Your objective:
For every line in the material, output its text exactly and exclude any image it holds.

Dataset excerpt:
════════
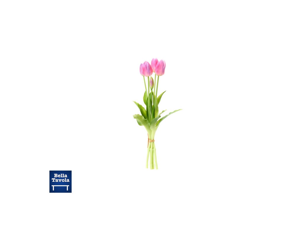 Nádherné umelé tulipány "real touch," v odtieni lila, zväzok 5 ks od značky Nuvole di Stoffa. Vyzerajú ako živé
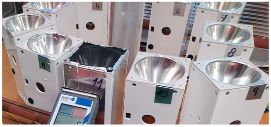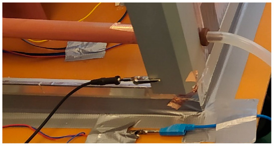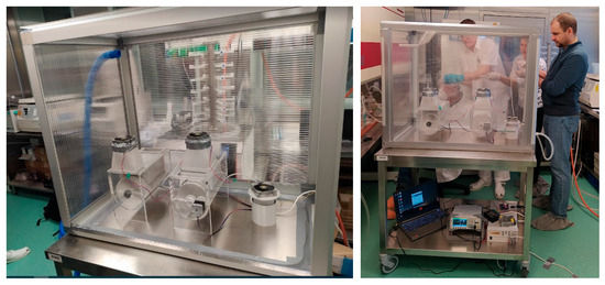 The polycarbonate was coated with foil to minimize electrical charge on the wall surfaces. The entire enclosure was connected to a single reference potential in the next step (Figure 6). The enclosure was sealed with a front wall that was hermetically sealed prior to testing (Figure 7). In the test box with safe separation from the external environment, the methods were tested using the prepared equipment [15,17,22]. Aerosol was generated from the bottom of the box using a vertical glass tube. An example of the placement and testing of the designed sensors with the Wien filter [20] is shown in Figure 7.
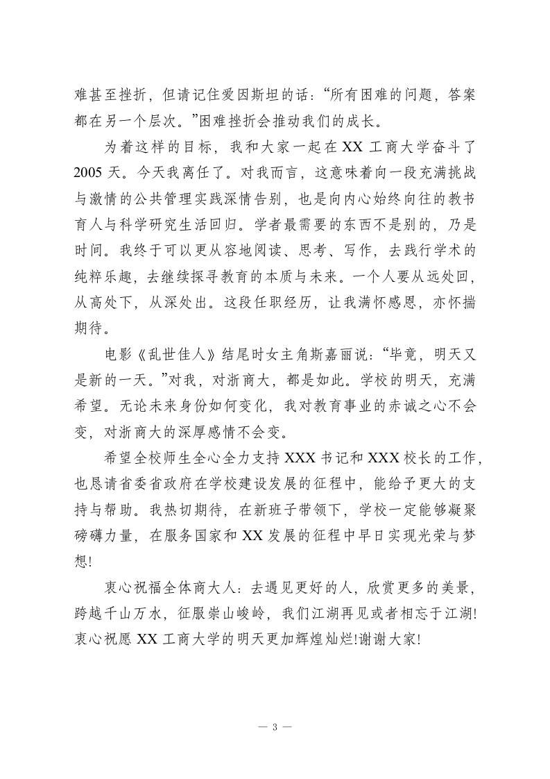 在某高校干部教师大会上的离任讲话刚才,X部长代表省委宣布了学校党委书记任命的决定,我坚决拥护省委决定,热烈欢迎XXX同志担任XX工商大学党委书记!同时,向五年半来与我并肩作战的班子成员、全体中层干部、广大师生员工,表达最诚挚的感谢和最衷心的祝福!德国诗人荷尔德林写过,所有离别的人说起话来都像醉汉。此刻的我,虽未醉酒,却也满心都是不舍与眷恋。我真的做不到,挥挥手不带走一片云彩。回首在浙商大的五年半时光,它不仅是一段职务经历,更是一场与理想使命、与无数美好灵魂的相遇。接下来的日子,我要和校园里的一个个人,一幢幢楼,一棵棵树,一只只天鹅,去告别。此时此刻,我由衷感谢省委省政府的信任,以及不拘一格的干部选用政策,让我完整干满了一届,由于换届推迟还延了半年;让我有机会能够在浙商大这样一所承载“全国有位置,全省很重要”使命的百年学府,践行一名教育者的初心。自接到省委任命,从2020年7月29日到今天,整整2005个日夜,这一公共管理学术研究与体验实践的时光,不仅对于我学术研究的拓展,而且对于我人生价值的实现,都是至关重要的时光。我将永远铭记!茨威格在《人类群星闪耀时》中说,人生中最大的幸事,莫过于在富于创造力的壮年发现了自己的使命。五年半来,我心怀感恩之心,不敢有一天懈怠。特别感谢与我并肩作战的你们一一每一位校领导班子成员、全体中层干部和全校师生,是你们的智慧、担当与情怀,让浙商大在时代浪潮中稳步前行、1
════════
Response to the exercise:
 Nádherné umelé tulipány "real touch," v odtieni lila, zväzok 5 ks od značky Nuvole di Stoffa. Vyzerajú ako živé
 The polycarbonate was coated with foil to minimize electrical charge on the wall surfaces. The entire enclosure was connected to a single reference potential in the next step (Figure 6). The enclosure was sealed with a front wall that was hermetically sealed prior to testing (Figure 7). In the test box with safe separation from the external environment, the methods were tested using the prepared equipment [15,17,22]. Aerosol was generated from the bottom of the box using a vertical glass tube. An example of the placement and testing of the designed sensors with the Wien filter [20] is shown in Figure 7.
 在某高校干部教师大会上的离任讲话刚才,X部长代表省委宣布了学校党委书记任命的决定,我坚决拥护省委决定,热烈欢迎XXX同志担任XX工商大学党委书记!同时,向五年半来与我并肩作战的班子成员、全体中层干部、广大师生员工,表达最诚挚的感谢和最衷心的祝福!德国诗人荷尔德林写过,所有离别的人说起话来都像醉汉。此刻的我,虽未醉酒,却也满心都是不舍与眷恋。我真的做不到,挥挥手不带走一片云彩。回首在浙商大的五年半时光,它不仅是一段职务经历,更是一场与理想使命、与无数美好灵魂的相遇。接下来的日子,我要和校园里的一个个人,一幢幢楼,一棵棵树,一只只天鹅,去告别。此时此刻,我由衷感谢省委省政府的信任,以及不拘一格的干部选用政策,让我完整干满了一届,由于换届推迟还延了半年;让我有机会能够在浙商大这样一所承载“全国有位置,全省很重要”使命的百年学府,践行一名教育者的初心。自接到省委任命,从2020年7月29日到今天,整整2005个日夜,这一公共管理学术研究与体验实践的时光,不仅对于我学术研究的拓展,而且对于我人生价值的实现,都是至关重要的时光。我将永远铭记!茨威格在《人类群星闪耀时》中说,人生中最大的幸事,莫过于在富于创造力的壮年发现了自己的使命。五年半来,我心怀感恩之心,不敢有一天懈怠。特别感谢与我并肩作战的你们一一每一位校领导班子成员、全体中层干部和全校师生,是你们的智慧、担当与情怀,让浙商大在时代浪潮中稳步前行、1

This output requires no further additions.